科罗拉多大学波尔得分校毕业证学位证成绩单-可办理e4aez8ss

Predictive Analysis for Loan Default Presentation : Data Analysis Project PPTBoston Institute of Analytics

ASML's Taxonomy Adventure by Daniel Cantervoginip

NLP Project PPT: Flipkart Product Reviews through NLP Data Science.pptxBoston Institute of Analytics

NLP Data Science Project Presentation:Predicting Heart Disease with NLP Data ...Boston Institute of Analytics

Effects of Smartphone Addiction on the Academic Performances of Grades 9 to 1...limedy534

From idea to production in a day – Leveraging Azure ML and Streamlit to build...Florian Roscheck

毕业文凭制作#回国入职#diploma#degree澳洲中央昆士兰大学毕业证成绩单pdf电子版制作修改#毕业文凭制作#回国入职#diploma#degreeyuu sss

RABBIT: A CLI tool for identifying bots based on their GitHub events.natarajan8993

NO1 Certified Black Magic Specialist Expert Amil baba in Lahore Islamabad Raw...Amil Baba Dawood bangali

Top 5 Best Data Analytics Courses In Queensdataanalyticsqueen03

Recently uploaded (20)

DBA Basics: Getting Started with Performance Tuning.pdf

Semantic Shed - Squashing and Squeezing.pptx

Call Us ➥97111√47426🤳Call Girls in Aerocity (Delhi NCR)

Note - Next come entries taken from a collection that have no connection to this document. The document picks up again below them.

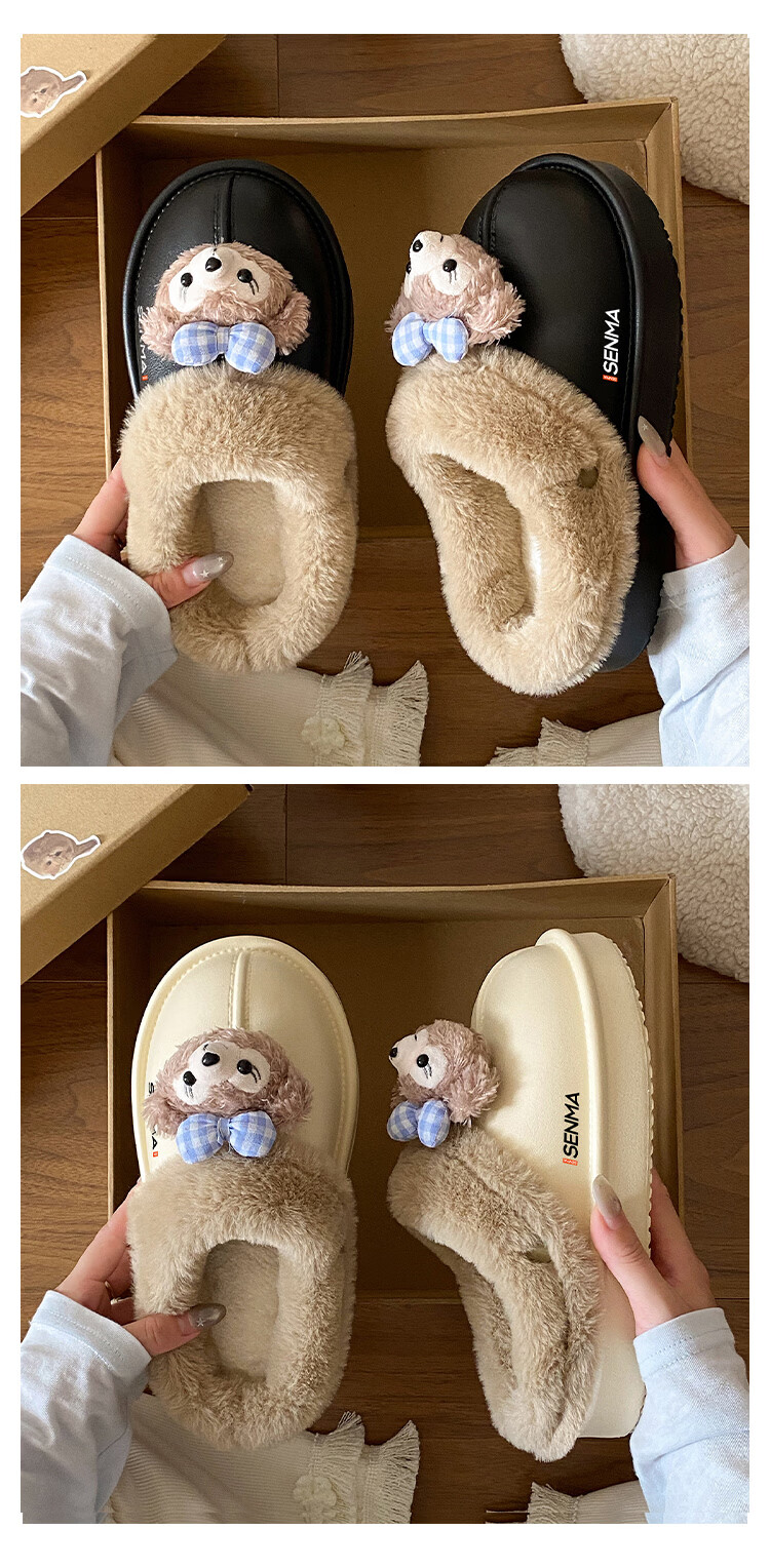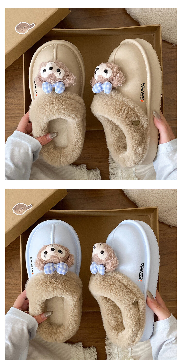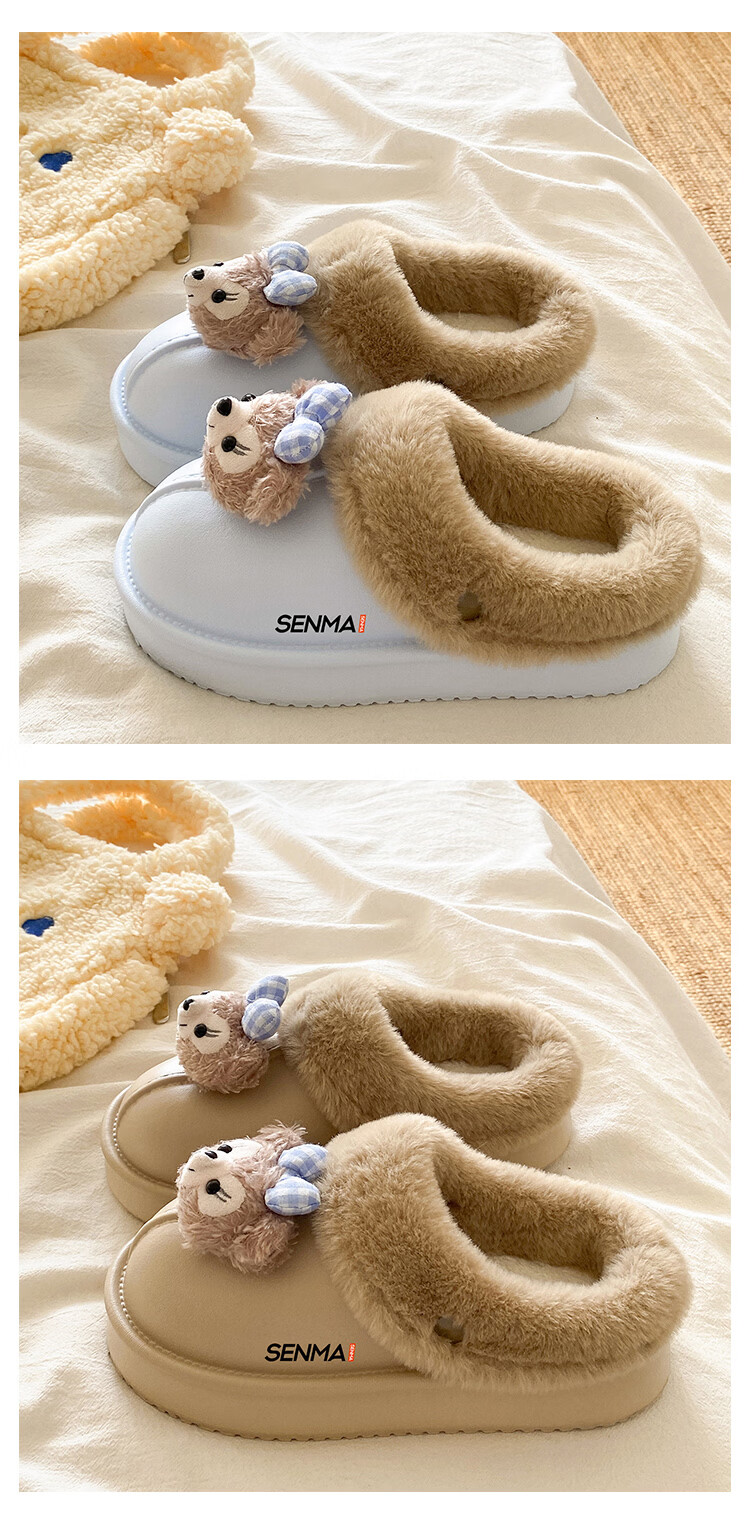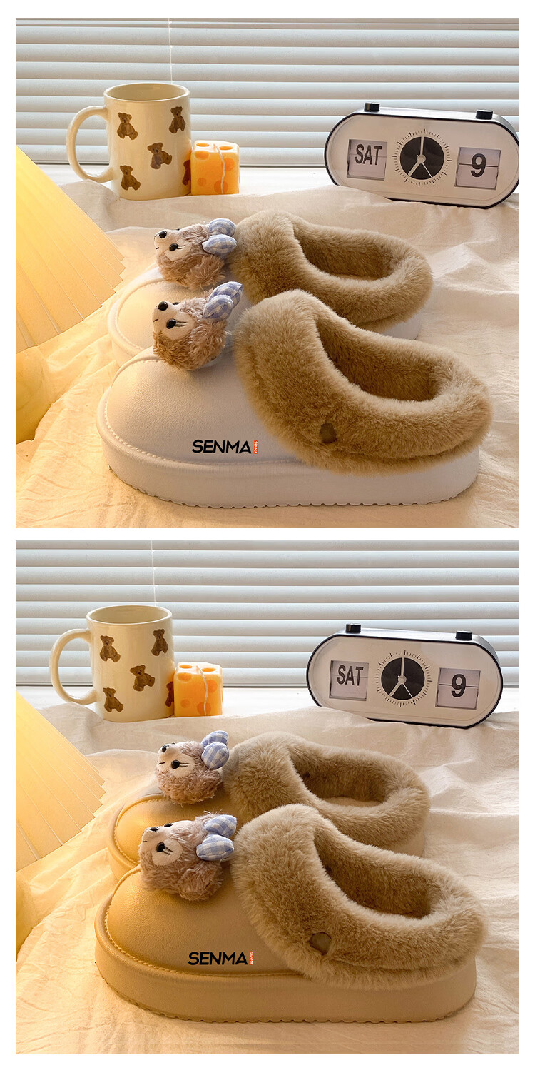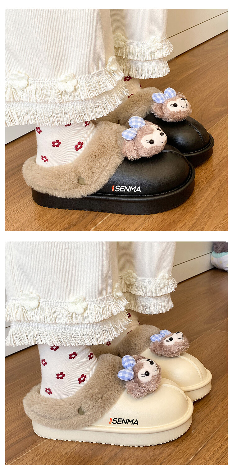 森馬棉拖女冬季加绒保暖防滑耐磨棉拖鞋女生宿舍居家室内休闲包头棉拖 米白【基础款】 35-36 【现货秒发】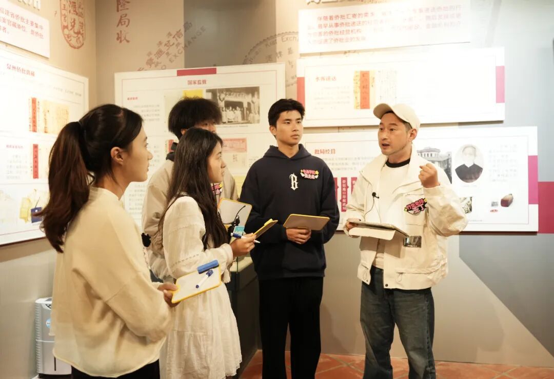 作为土木工程学院学生,吴宸函和林子涵对中山路上的联排式骑楼建筑群展现出了浓厚的兴趣。“不少洋楼既结合泉州民居的传统特色,又融入了海交文化的建筑精华,蕴含着丰富的建筑文化,值得我们专业的学生深入研究。” 现场互动中,学生们通过“泉州华侨连连看”游戏,将李光前、黄奕住、李清泉、胡文虎等侨领名字与“橡胶大王”“糖业大王”等头衔匹配,在欢笑中了解华侨的感人事迹,感悟他们的爱国情怀。 探访百年侨批 读懂通信史上的特殊样本 中山中路345号,两栋中西合璧的洋楼静静矗立。1912年,爱国华侨陈光纯故居在此启建;2021年,其中一栋化身福建首个地市级侨批馆,20万封泛黄的信笺,成了“会说话的家国档案”。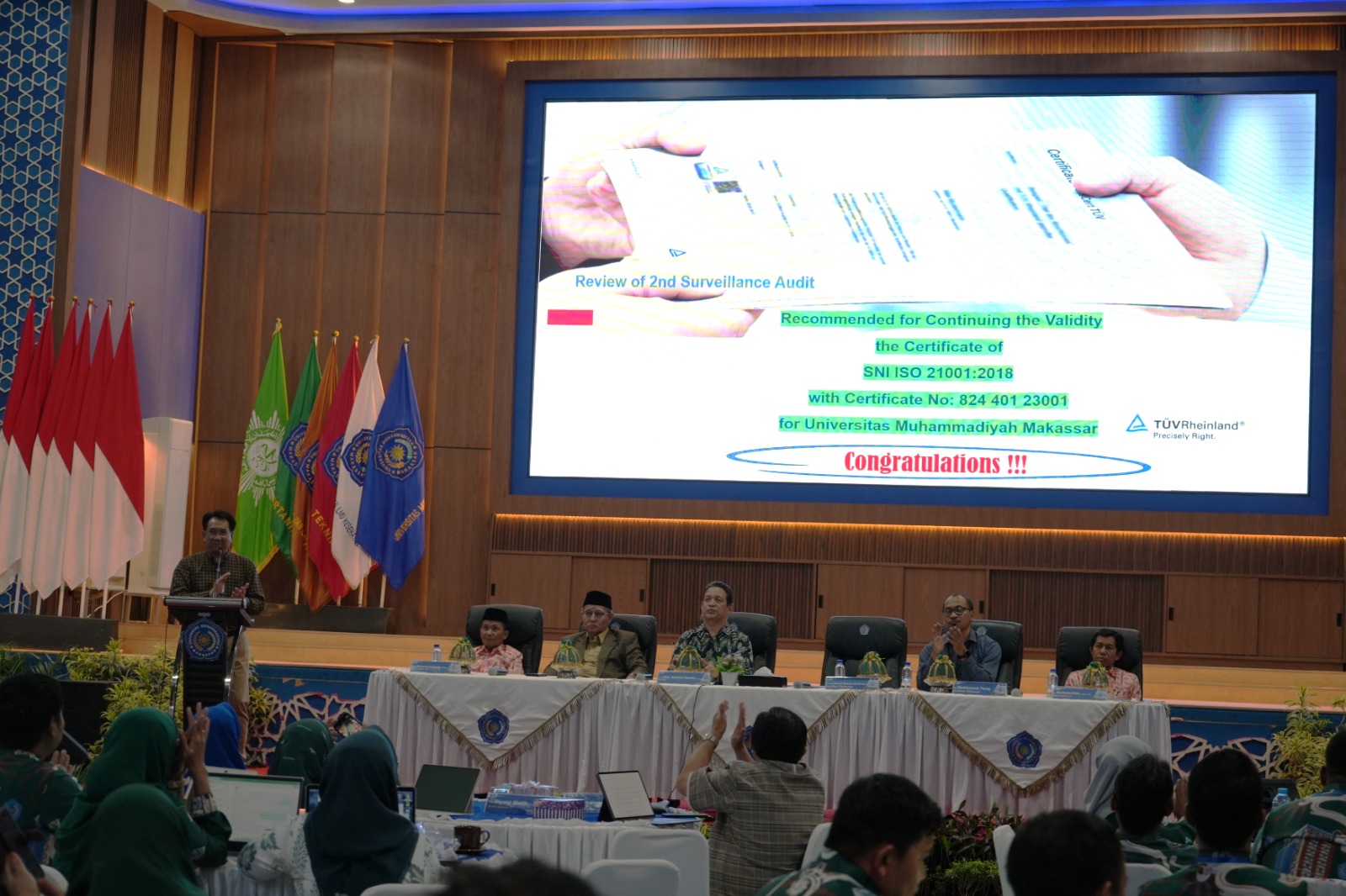 KHITTAH.CO, MAKASSAR – Universitas Muhammadiyah Makassar (Unismuh) berhasil mempertahankan sertifikat ISO 21001:2018 tanpa temuan major maupun minor. Hasil ini diumumkan pada penutupan Audit Eksternal Surveilans ISO yang digelar Selasa, 14 Oktober 2025, di Balai Sidang Muktamar 47, Kampus Unismuh Makassar, Jalan Sultan Alauddin.

PKS-TGC-1084-630 - Stage 1 Proposal.pptx

办理学位证纽约大学毕业证(NYU毕业证书）原版一比一

Identifying Appropriate Test Statistics Involving Population Mean

GA4 Without Cookies [Measure Camp AMS]

How we prevented account sharing with MFA

Building on a FAIRly Strong Foundation to Connect Academic Research to Transl...

科罗拉多大学波尔得分校毕业证学位证成绩单-可办理

Predictive Analysis for Loan Default Presentation : Data Analysis Project PPT

ASML's Taxonomy Adventure by Daniel Canter

NLP Project PPT: Flipkart Product Reviews through NLP Data Science.pptx

NLP Data Science Project Presentation:Predicting Heart Disease with NLP Data ...

Effects of Smartphone Addiction on the Academic Performances of Grades 9 to 1...

From idea to production in a day – Leveraging Azure ML and Streamlit to build...

毕业文凭制作#回国入职#diploma#degree澳洲中央昆士兰大学毕业证成绩单pdf电子版制作修改#毕业文凭制作#回国入职#diploma#degree

RABBIT: A CLI tool for identifying bots based on their GitHub events.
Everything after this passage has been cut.